Joel rips into the craptacular experience of the new Sprint phone. I bet the PR bod who figured sending free phones to bloggers was a great idea is regretting it.
September 4, 2006
Crazy Egg – visualize your visitors
Track where users are clicking on your webpages so you can slap in advertising/tune your site’s usability (delete as appropriate)
July 13, 2006
flow|state: Insert key safely disarmed in Microsoft Word 2007
Hitting the ‘Insert’ key in Word 2007 will no longer enable the inexplicable document-eating mode. It had never occurred to me just how horrendous a usability experience the Insert key could be.
March 16, 2006
Call Me Fishmeal.: This Post is Microsoft Enhanced (TM)

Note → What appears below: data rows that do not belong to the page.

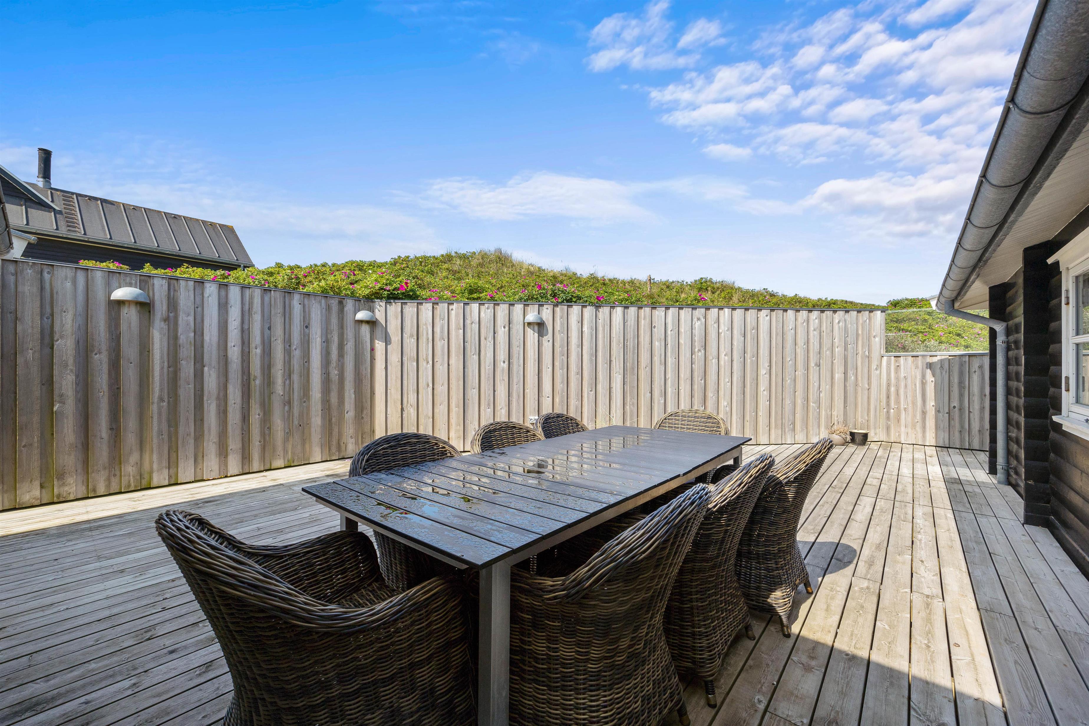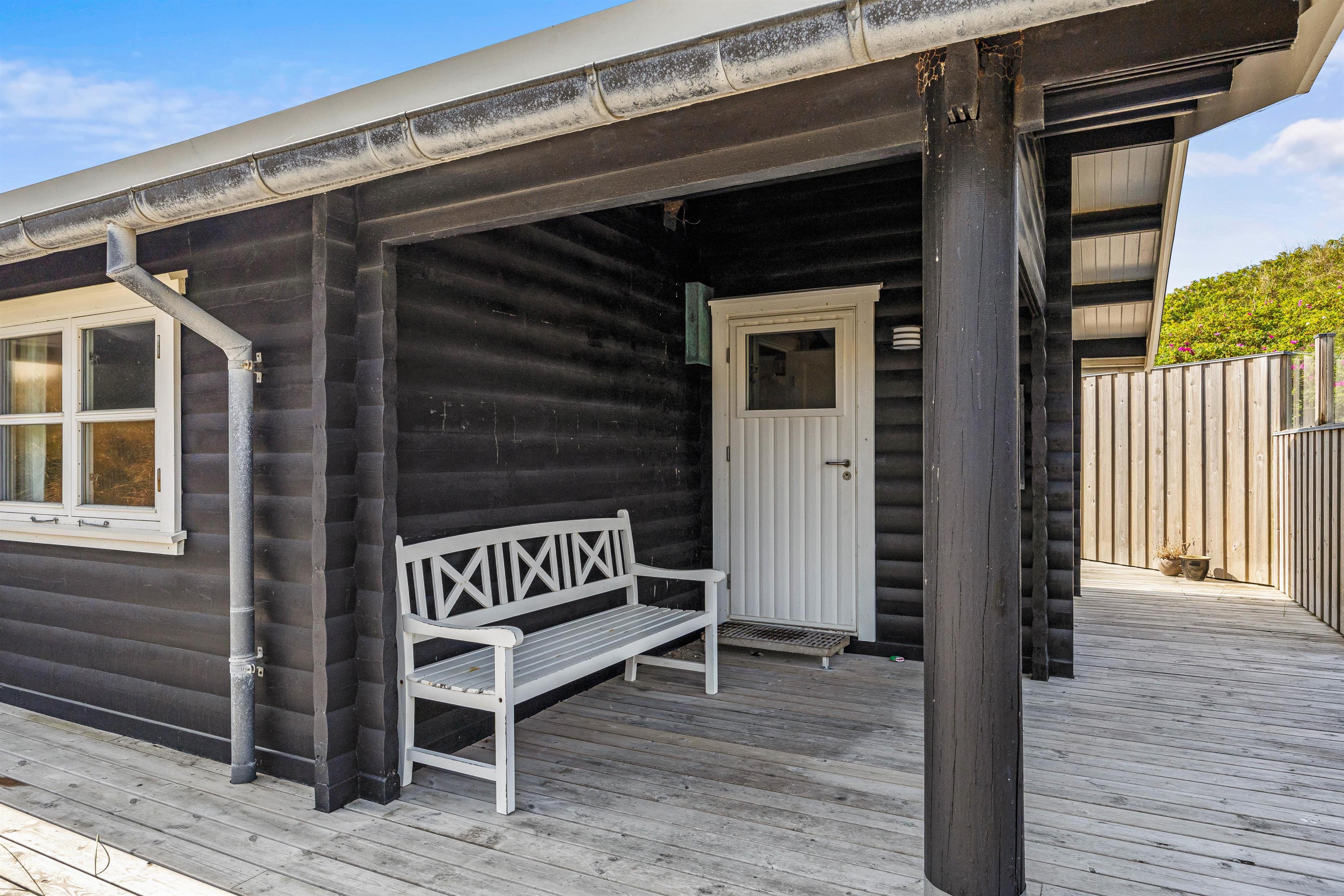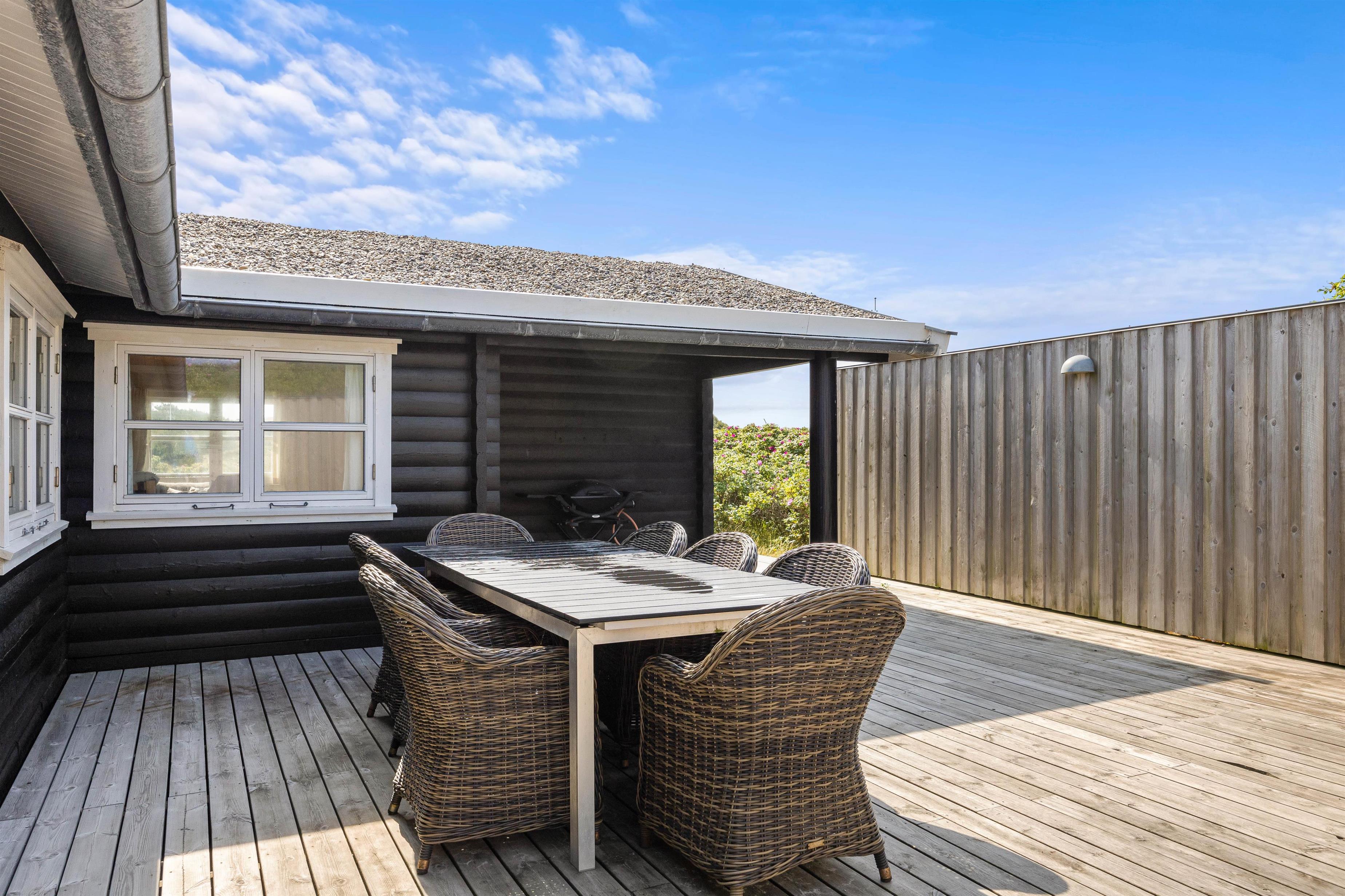 Sommerhuset omsluttet af en skøn træterrasse, som er afskærmet på hele sydsiden. Her venter havemøbler og liggestole på jer, og I kan altid finde et solrigt spot eller, hvis det er nødvendigt, et læ- og skyggefuldt sted at slappe af. Til den perfekte sommeraften hører sig grillmad til – tilbered et lækkert måltid på sommerhusets gasgrill og sæt jer til rette om bordet med en kold cola eller et godt glas rosé.
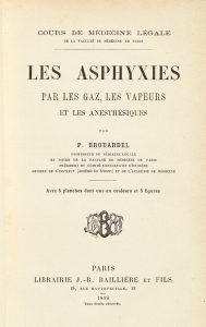 (1837-1906) était professeur de médecine légale à la Faculté de médecine de Paris. "In addition to the many articles he published on the subject of legal medicine and public hygiene, he wrote several authoritative books on various aspects of forensic medicine” (Heirs of Hippocrates, n° 2012). La collection comprend : - Les Asphyxies par les gaz, les vapeurs et les anesthésiques. Paris, Baillière et fils, 1896. l'autorite judiciaire concluait a un ; Brouardel relate avec precision plusieurs enquetes a propos de cas d'asphyxies .Edition originale .il s'agissait d'un simple accident ,parfois ,crime ou a un suicide quand L’illustration comprend 5 figures dans le texte, une planche en couleurs montrant le spectre du sang dans l’asphyxie par l’oxyde de carbone, une planche à double page montrant l’Opéra comique incendié (le 25 mai 1887 : 68 morts) et 6 planches représentant des cadavres. - L'Infanticide. Paris, Baillière et fils, 1897. " .Edition originale de l'un des livres les plus importants du docteur BrouardelIn the present work, Brouardel points out that infanticide was much more widespread in the British Isles and Continental Europe than was commonly believed. He knew how the French courts acted in cases of infanticide, and he emphasizes that the firensic expert must not render an opinion when testifying during an investigation of such deaths. (...) The expert must present only the facts” (Heirs of Hippocrates, n° 2012). L'illustration comprend un graphique, une planche à double page gravée en sépia par Debray, montrant quatre figures de crânes, et 14 reproductions photographiques dans le texte, dont 3 montrant des dépefages ou des débris d'enfants nouveau-nés. - La Pendaison, la strangulation, la suffocation, la submersion. Paris, Baillière et fils, 1897. Édition originale, ornée de 3 planches en couleurs hors texte, dont 2 montrant chacune un noyé sur une table de légiste, et de 43 figures dans le texte, la plupart représentant des scènes de pendaison. Reliures frottées.
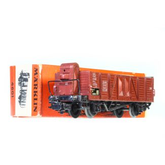 Die Wagons der Modellreihe Omm 33 der DB waren von 1939 – 1974 im Einsatz. Das Modell wurde 1956 erstmals vorgestellt. Der Aufbau mit Bremserhaus war aus braunem Kunststoff und die Außenwände wurden mit Bretternachbildungen gestaltet. Die Aufschriften und Eckzeichen sind in der ersten Version weiß handgemalt.
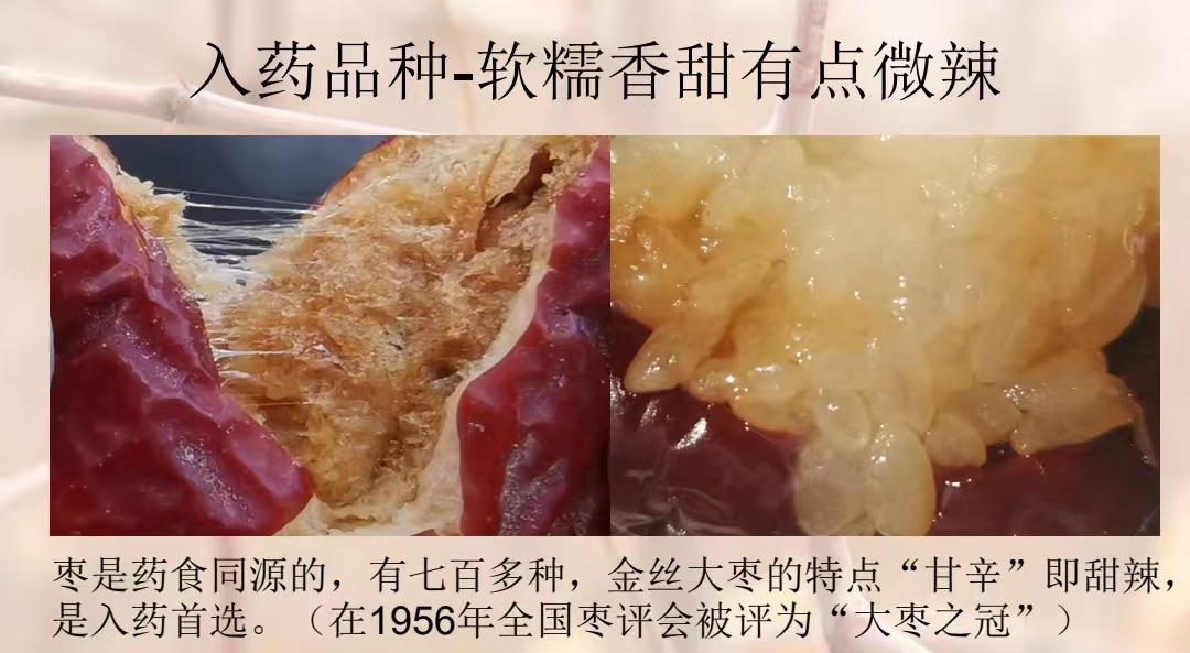 入药要求“甘辛”即甜辣,枣不但甜,还微微有点辣,金丝大枣特点就是甜辣,是入药首选。
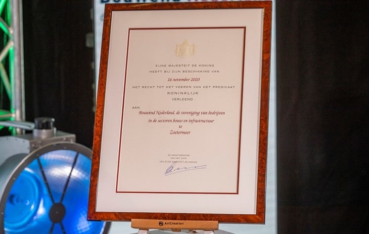 Bouwend Nederland draagt vanaf heden het predicaat ‘Koninklijk’. Op 7 december reikte Jaap Smit, de Commissaris van de Koning in Zuid-Holland, de oorkonde uit die hoort bij het verleende predicaat. Dit gebeurde tijdens het evenement ‘Nu Bouwen aan Morgen’, het congres waar Bouwend Nederland haar 125-jarig bestaan vierde. Bouwend Nederland is vereerd het predikaat ‘Koninklijk’ te mogen toevoegen aan haar naam.
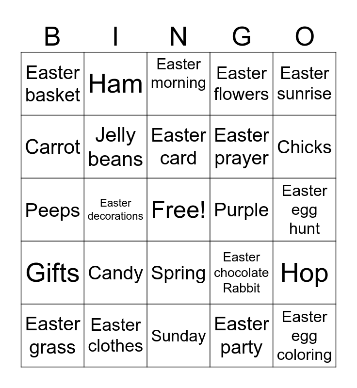 This bingo card has a free space and 29 words: Easter bunny, Easter clothes, Easter morning, Palms, Easter sunrise, Easter basket, Jelly beans, Easter card, Purple, Hop, Easter grass, Easter decorations, Easter party, Easter egg coloring, Peeps, Easter church service, Sunday, Easter chocolate Rabbit, Chicks, Gifts, Candy, Good Friday, Easter prayer, Easter egg hunt, Carrot, Ham, Spring, Easter flowers and Ash Wednesday.

Awesome post about the brokenness of “MIcrosoft Enhanced” cable company PVRs.
March 9, 2006
Picture This: A New Look For Office
MS unveil their new UI for Office. Curious to see how this works in real life, but the photos look like usability could go either way.
September 15, 2005
Apple breaks the iPod UI a little more
Number of button presses required to see/change the rating of a track on the iPod nano: Three, Four or Five, depending on whether you have Lyrics and Cover Art attached to the track. Hey Apple! Remember “consistency”?